▶ EXERCISE
Write out the records in full, exactly as given, but without the images.
+++ DATA SHOWN +++
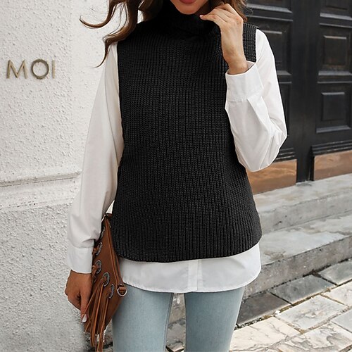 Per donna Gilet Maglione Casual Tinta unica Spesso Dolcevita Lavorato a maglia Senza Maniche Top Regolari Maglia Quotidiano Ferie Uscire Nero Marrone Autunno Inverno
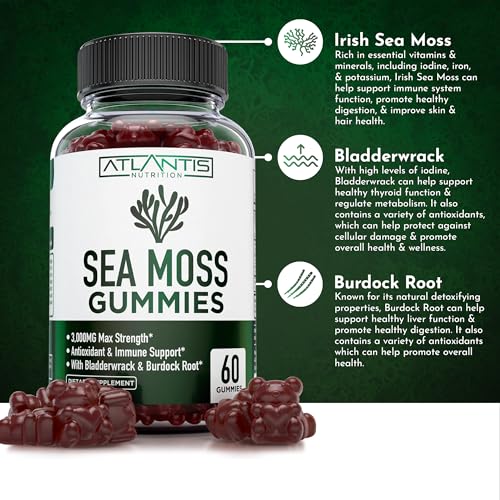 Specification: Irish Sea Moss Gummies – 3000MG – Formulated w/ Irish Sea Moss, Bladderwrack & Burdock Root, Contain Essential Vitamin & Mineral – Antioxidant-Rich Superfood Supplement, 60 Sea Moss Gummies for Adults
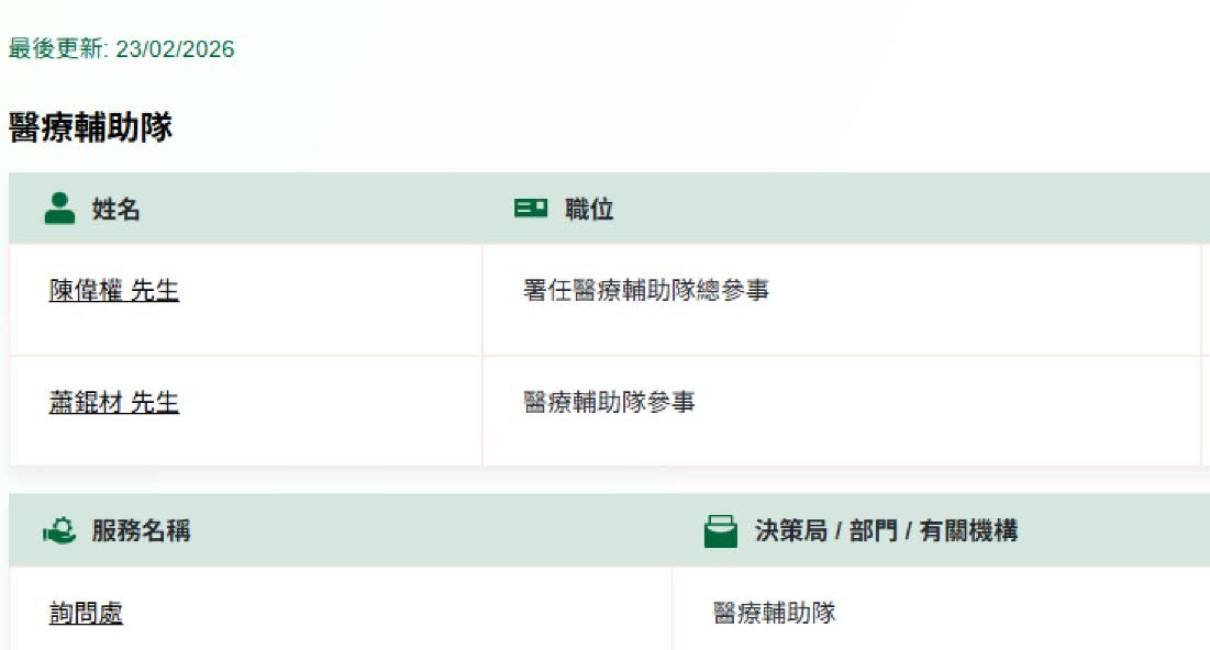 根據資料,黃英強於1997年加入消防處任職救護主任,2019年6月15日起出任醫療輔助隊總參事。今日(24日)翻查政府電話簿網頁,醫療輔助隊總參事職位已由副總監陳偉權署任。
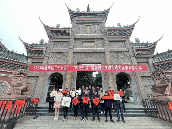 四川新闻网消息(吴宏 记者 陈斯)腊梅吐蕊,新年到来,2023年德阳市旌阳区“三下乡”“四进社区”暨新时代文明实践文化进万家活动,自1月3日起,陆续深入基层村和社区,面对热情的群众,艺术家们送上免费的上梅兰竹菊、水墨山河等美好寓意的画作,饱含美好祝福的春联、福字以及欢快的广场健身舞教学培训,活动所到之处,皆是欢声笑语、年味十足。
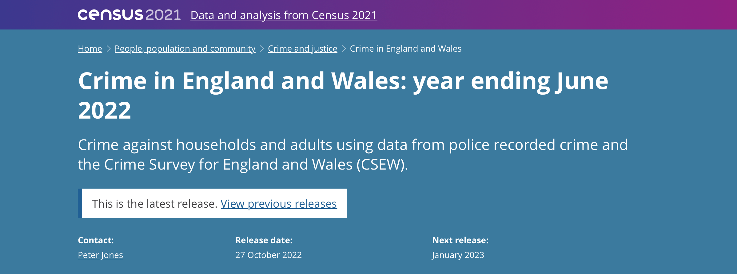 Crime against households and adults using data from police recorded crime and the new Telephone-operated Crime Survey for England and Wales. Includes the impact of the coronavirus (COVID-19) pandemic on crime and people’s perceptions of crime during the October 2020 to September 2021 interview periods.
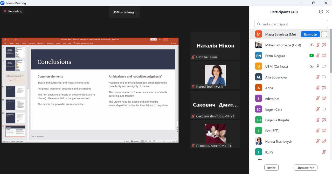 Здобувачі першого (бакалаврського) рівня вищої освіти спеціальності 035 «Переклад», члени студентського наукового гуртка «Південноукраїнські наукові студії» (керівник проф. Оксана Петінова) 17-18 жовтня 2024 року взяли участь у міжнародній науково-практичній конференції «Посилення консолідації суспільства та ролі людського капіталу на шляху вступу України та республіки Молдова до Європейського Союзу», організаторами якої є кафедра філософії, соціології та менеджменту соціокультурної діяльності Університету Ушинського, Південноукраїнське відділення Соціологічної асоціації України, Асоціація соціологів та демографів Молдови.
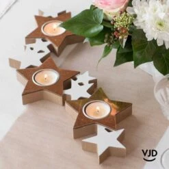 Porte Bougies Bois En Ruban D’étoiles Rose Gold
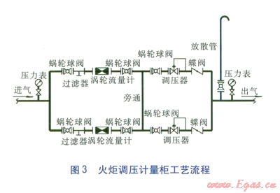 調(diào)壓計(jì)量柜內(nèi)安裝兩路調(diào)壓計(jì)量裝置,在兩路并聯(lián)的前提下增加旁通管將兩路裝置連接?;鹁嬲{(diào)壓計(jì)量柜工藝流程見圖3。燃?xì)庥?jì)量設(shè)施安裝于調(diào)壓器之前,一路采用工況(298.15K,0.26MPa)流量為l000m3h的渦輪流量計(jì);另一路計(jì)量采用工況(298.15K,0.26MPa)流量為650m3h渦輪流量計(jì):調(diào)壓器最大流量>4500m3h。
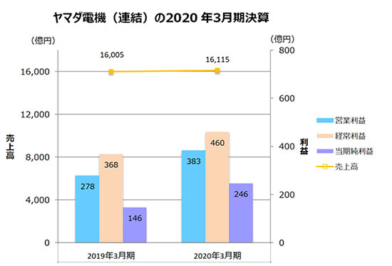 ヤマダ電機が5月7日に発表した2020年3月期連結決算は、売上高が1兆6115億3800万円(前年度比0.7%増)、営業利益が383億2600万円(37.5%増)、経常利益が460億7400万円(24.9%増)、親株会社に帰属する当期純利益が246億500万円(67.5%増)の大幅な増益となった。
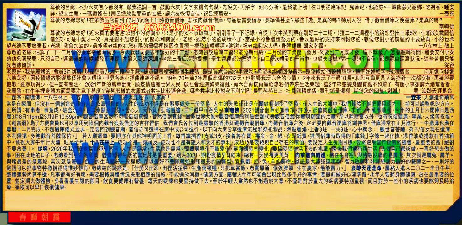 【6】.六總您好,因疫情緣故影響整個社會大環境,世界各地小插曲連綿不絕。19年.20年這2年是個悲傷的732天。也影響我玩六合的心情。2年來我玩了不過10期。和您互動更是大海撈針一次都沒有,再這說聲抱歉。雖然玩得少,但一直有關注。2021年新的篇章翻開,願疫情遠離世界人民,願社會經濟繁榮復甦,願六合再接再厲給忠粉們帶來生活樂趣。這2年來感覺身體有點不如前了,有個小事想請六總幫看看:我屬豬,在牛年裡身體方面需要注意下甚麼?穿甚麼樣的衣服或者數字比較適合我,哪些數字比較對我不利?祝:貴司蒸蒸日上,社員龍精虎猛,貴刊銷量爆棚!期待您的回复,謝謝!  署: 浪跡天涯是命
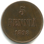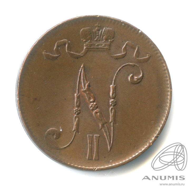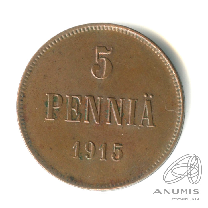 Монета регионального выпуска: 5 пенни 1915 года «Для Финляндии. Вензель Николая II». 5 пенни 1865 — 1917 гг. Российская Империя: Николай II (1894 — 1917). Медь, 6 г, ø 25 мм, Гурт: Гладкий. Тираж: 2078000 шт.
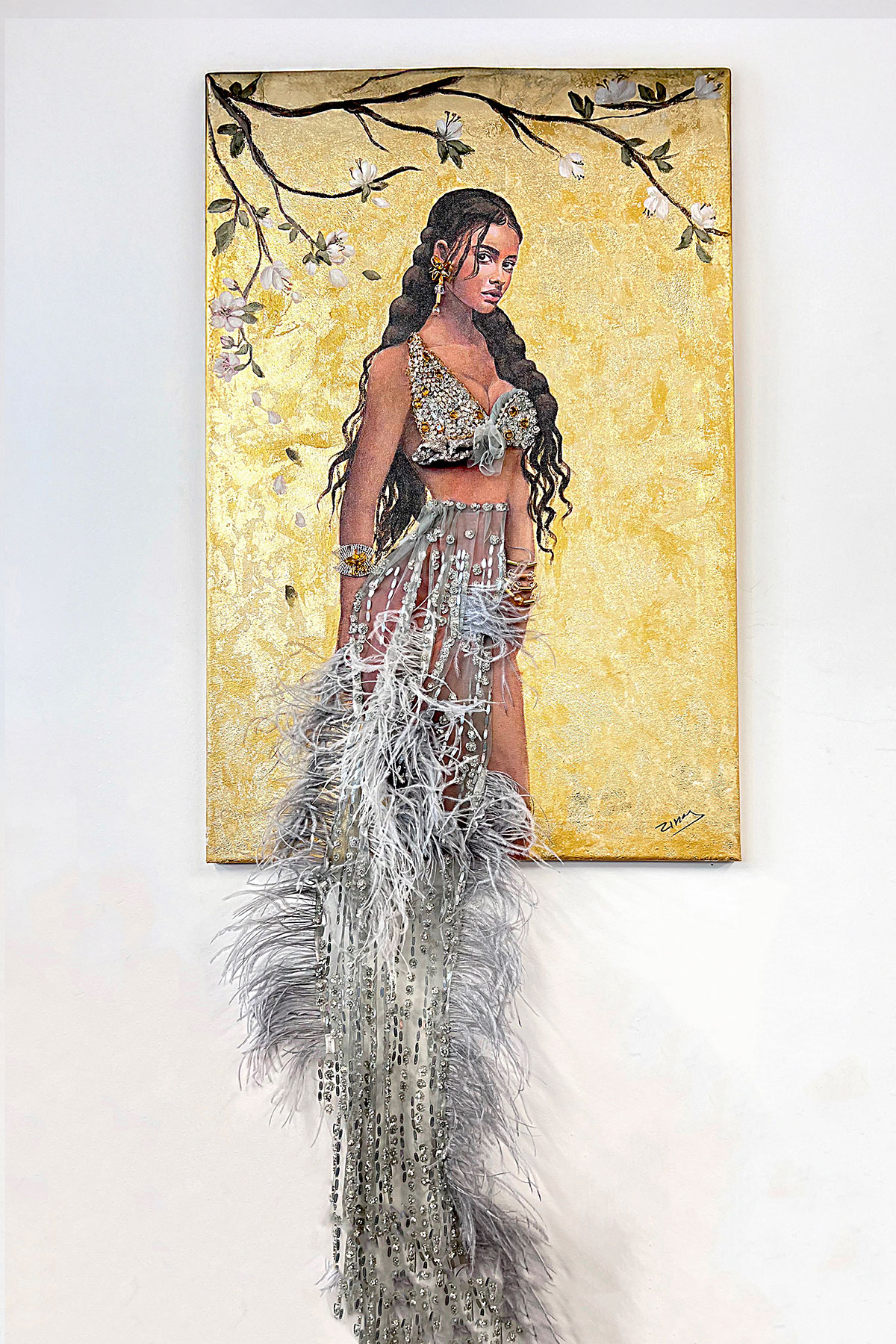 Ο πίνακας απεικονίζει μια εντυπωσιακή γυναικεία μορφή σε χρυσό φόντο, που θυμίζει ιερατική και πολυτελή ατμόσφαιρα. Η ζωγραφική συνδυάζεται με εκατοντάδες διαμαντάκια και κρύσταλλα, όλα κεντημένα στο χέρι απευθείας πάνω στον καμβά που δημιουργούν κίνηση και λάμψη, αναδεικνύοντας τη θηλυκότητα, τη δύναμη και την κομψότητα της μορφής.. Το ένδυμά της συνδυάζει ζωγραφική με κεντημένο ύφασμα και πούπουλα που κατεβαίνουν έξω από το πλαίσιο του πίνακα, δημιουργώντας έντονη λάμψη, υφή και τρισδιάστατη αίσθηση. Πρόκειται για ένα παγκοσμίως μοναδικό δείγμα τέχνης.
+++
▶ RESPONSE TO THE EXERCISE
 Per donna Gilet Maglione Casual Tinta unica Spesso Dolcevita Lavorato a maglia Senza Maniche Top Regolari Maglia Quotidiano Ferie Uscire Nero Marrone Autunno Inverno
 Specification: Irish Sea Moss Gummies – 3000MG – Formulated w/ Irish Sea Moss, Bladderwrack & Burdock Root, Contain Essential Vitamin & Mineral – Antioxidant-Rich Superfood Supplement, 60 Sea Moss Gummies for Adults
 根據資料,黃英強於1997年加入消防處任職救護主任,2019年6月15日起出任醫療輔助隊總參事。今日(24日)翻查政府電話簿網頁,醫療輔助隊總參事職位已由副總監陳偉權署任。
 四川新闻网消息(吴宏 记者 陈斯)腊梅吐蕊,新年到来,2023年德阳市旌阳区“三下乡”“四进社区”暨新时代文明实践文化进万家活动,自1月3日起,陆续深入基层村和社区,面对热情的群众,艺术家们送上免费的上梅兰竹菊、水墨山河等美好寓意的画作,饱含美好祝福的春联、福字以及欢快的广场健身舞教学培训,活动所到之处,皆是欢声笑语、年味十足。
 Crime against households and adults using data from police recorded crime and the new Telephone-operated Crime Survey for England and Wales. Includes the impact of the coronavirus (COVID-19) pandemic on crime and people’s perceptions of crime during the October 2020 to September 2021 interview periods.
 Здобувачі першого (бакалаврського) рівня вищої освіти спеціальності 035 «Переклад», члени студентського наукового гуртка «Південноукраїнські наукові студії» (керівник проф. Оксана Петінова) 17-18 жовтня 2024 року взяли участь у міжнародній науково-практичній конференції «Посилення консолідації суспільства та ролі людського капіталу на шляху вступу України та республіки Молдова до Європейського Союзу», організаторами якої є кафедра філософії, соціології та менеджменту соціокультурної діяльності Університету Ушинського, Південноукраїнське відділення Соціологічної асоціації України, Асоціація соціологів та демографів Молдови.
 Porte Bougies Bois En Ruban D’étoiles Rose Gold
 調(diào)壓計(jì)量柜內(nèi)安裝兩路調(diào)壓計(jì)量裝置,在兩路并聯(lián)的前提下增加旁通管將兩路裝置連接?;鹁嬲{(diào)壓計(jì)量柜工藝流程見圖3。燃?xì)庥?jì)量設(shè)施安裝于調(diào)壓器之前,一路采用工況(298.15K,0.26MPa)流量為l000m3h的渦輪流量計(jì);另一路計(jì)量采用工況(298.15K,0.26MPa)流量為650m3h渦輪流量計(jì):調(diào)壓器最大流量>4500m3h。
 ヤマダ電機が5月7日に発表した2020年3月期連結決算は、売上高が1兆6115億3800万円(前年度比0.7%増)、営業利益が383億2600万円(37.5%増)、経常利益が460億7400万円(24.9%増)、親株会社に帰属する当期純利益が246億500万円(67.5%増)の大幅な増益となった。
 【6】.六總您好,因疫情緣故影響整個社會大環境,世界各地小插曲連綿不絕。19年.20年這2年是個悲傷的732天。也影響我玩六合的心情。2年來我玩了不過10期。和您互動更是大海撈針一次都沒有,再這說聲抱歉。雖然玩得少,但一直有關注。2021年新的篇章翻開,願疫情遠離世界人民,願社會經濟繁榮復甦,願六合再接再厲給忠粉們帶來生活樂趣。這2年來感覺身體有點不如前了,有個小事想請六總幫看看:我屬豬,在牛年裡身體方面需要注意下甚麼?穿甚麼樣的衣服或者數字比較適合我,哪些數字比較對我不利?祝:貴司蒸蒸日上,社員龍精虎猛,貴刊銷量爆棚!期待您的回复,謝謝!  署: 浪跡天涯是命
 Монета регионального выпуска: 5 пенни 1915 года «Для Финляндии. Вензель Николая II». 5 пенни 1865 — 1917 гг. Российская Империя: Николай II (1894 — 1917). Медь, 6 г, ø 25 мм, Гурт: Гладкий. Тираж: 2078000 шт.
 Ο πίνακας απεικονίζει μια εντυπωσιακή γυναικεία μορφή σε χρυσό φόντο, που θυμίζει ιερατική και πολυτελή ατμόσφαιρα. Η ζωγραφική συνδυάζεται με εκατοντάδες διαμαντάκια και κρύσταλλα, όλα κεντημένα στο χέρι απευθείας πάνω στον καμβά που δημιουργούν κίνηση και λάμψη, αναδεικνύοντας τη θηλυκότητα, τη δύναμη και την κομψότητα της μορφής.. Το ένδυμά της συνδυάζει ζωγραφική με κεντημένο ύφασμα και πούπουλα που κατεβαίνουν έξω από το πλαίσιο του πίνακα, δημιουργώντας έντονη λάμψη, υφή και τρισδιάστατη αίσθηση. Πρόκειται για ένα παγκοσμίως μοναδικό δείγμα τέχνης.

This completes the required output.